Thanhs Anwältin spricht von Vorverurteilung aus politischen Motiven, Amnesty von einem gängigen Muster. Der Prozess gegen den vietnamesischen Ex-Funktionär beschäftigt auch die Bundesregierung. Denn er war im Juli aus Deutschland verschleppt worden.
22.01.2018

Der in Berlin entführte vietnamesische Ex-Funktionär, Trinh Xuan Thanh, ist in seiner Heimat wegen Korruption zu lebenslanger Haft verurteilt worden. Das Gericht in der Hauptstadt Hanoi sprach den früheren Öl-Manager am Montag der Veruntreuung und Bestechung schuldig, wie seine deutsche Anwältin, Petra Schlagenhauf, erklärte. Die Bundesregierung müsse sich weiter für seine Freilassung einsetzen, forderte sie.

Das Verfahren sei allein schon deshalb nicht rechtstaatlich gewesen, weil Thanh im Juli vom vietnamesischem Geheimdienst und der Botschaft in seine Heimat verschleppt worden sei, sagte Schlagenhauf dem Evangelischen Pressedienst (epd). Das Ganze sei von vorn bis hinten inakzeptabel. Dei Verurteilung habe von Beginn an festgestanden. Deutschland dürfe das Vietnam nicht durchgehen lassen. Sie gehe davon aus, dass Thanh in Berufung gehen werde.

21 weitere Angeklagte

Amnesty International verurteilte den Richterspruch und sprach von einem gängigen Muster. "Das Urteil ist nicht überraschend", sagte James Gomez, Regionaldirektor Südostasien und Pazifik der Organisation am Montag dem epd. "Kritiker sind Ziel eines Kreislaufs der Einschüchterung." Die Regierung arbeite mit Schikane, Überwachung, schließlich mit Verhaftungen, Gewahrsam und am Ende mit unverhältnismäßigen Urteilen.

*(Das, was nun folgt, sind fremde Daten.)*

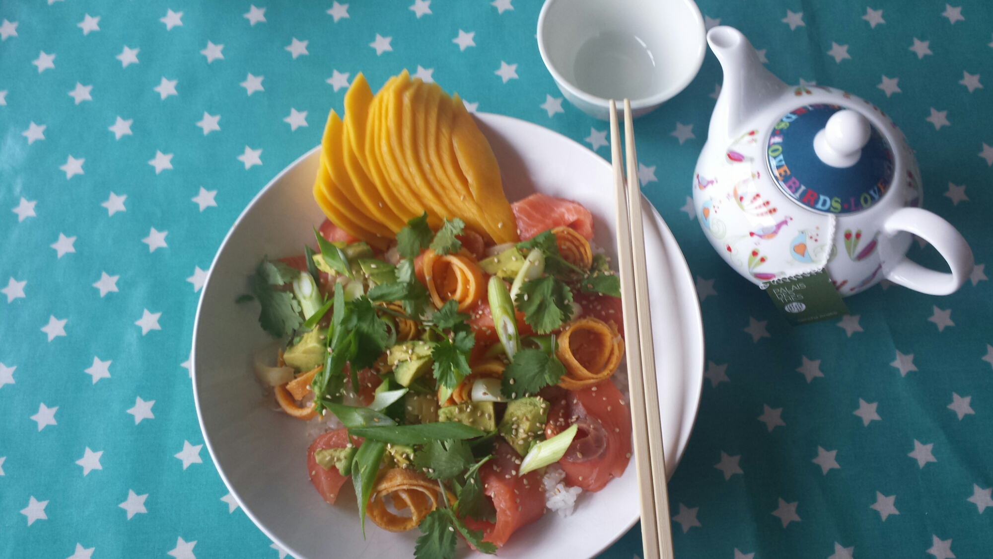 Du trenger ca. 150-200 gram laks til hver person. Skjæres i ca. 1/2 tykke skiver. Kok sushiris nok til antall personer du skal servere til – dynk med sushieddik, bland godt og la stå til du skal legge opp salaten. Stek en tynn omelett av to egg, tilsatt 1/2 ts. sukker og 1/2 ts. salt. Skjær i strimler. Skjær avokado, mango og vårløk i strimler/biter. Skjær syltet ingefær, ca. en teskje til hver, i strimler.

Die Bundesregierung nahm zur Kenntnis, dass kein Todesurteil gesprochen wurde. Für die Anklagepunkte wäre es die Höchststrafe gewesen. Das Verfahren habe in großen Teilen dem entsprochen, was das vietnamesische Strafgesetzbuch vorgebe, sagte eine Sprecherin des Auswärtigen Amtes. In gewisser Weise sei das Bemühen zu beobachten, dass es einen rechtstaatlichen Prozess gebe. Man werde sich dafür einsetzen, dass die deutsche Anwältin künftig guten Zugang zu ihrem Mandanten bekomme und auch internationale Medien den Prozess verfolgen könnten. Schlagenhauf war vor Beginn des zweiwöchigen Prozesses ohne Begründung an der Einreise nach Vietnam gehindert worden.

Neben Thanh standen 21 weitere Angeklagte vor Gericht. Sie wurden zu Haftstrafen bis zu 22 Jahren verurteilt, wie das Nachrichtenportal "VNExpress" berichtete. Unter ihnen war Thanhs früherer Vorgesetzter, das ehemalige Politbüro-Mitglied Dinh La Thang. Er muss wegen Missmanagements für 13 Jahre hinter Gitter.  

"Menschenraub" und "Rechtsbruch"

Than hatte 2016 in Deutschland um Asyl gebeten und war Ende Juli aus Berlin verschwunden. Der Fall belastet das Verhältnis zwischen Deutschland und Vietnam. Während die Regierung in Hanoi erklärte, Thanh sei freiwillig zurückgekehrt, spricht das Auswärtige Amt in Berlin von "Menschenraub" und "Rechtsbruch". Voraussichtlich am Mittwoch soll wegen ähnlicher Vorwürfe ein weiterer Prozess gegen Thanh beginnen. Dann droht ihm erneut die Todesstrafe.

Das südostasiatische Land gilt als eines der korruptesten der Welt. Die politische Führung des Ein-Parteien-Staates hat vor einiger Zeit einen Feldzug gegen Bestechung und Vetternwirtschaft begonnen. Kritiker vermuten dahinter jedoch vor allem politische Motive in einem Richtungskampf innerhalb der Kommunistischen Partei.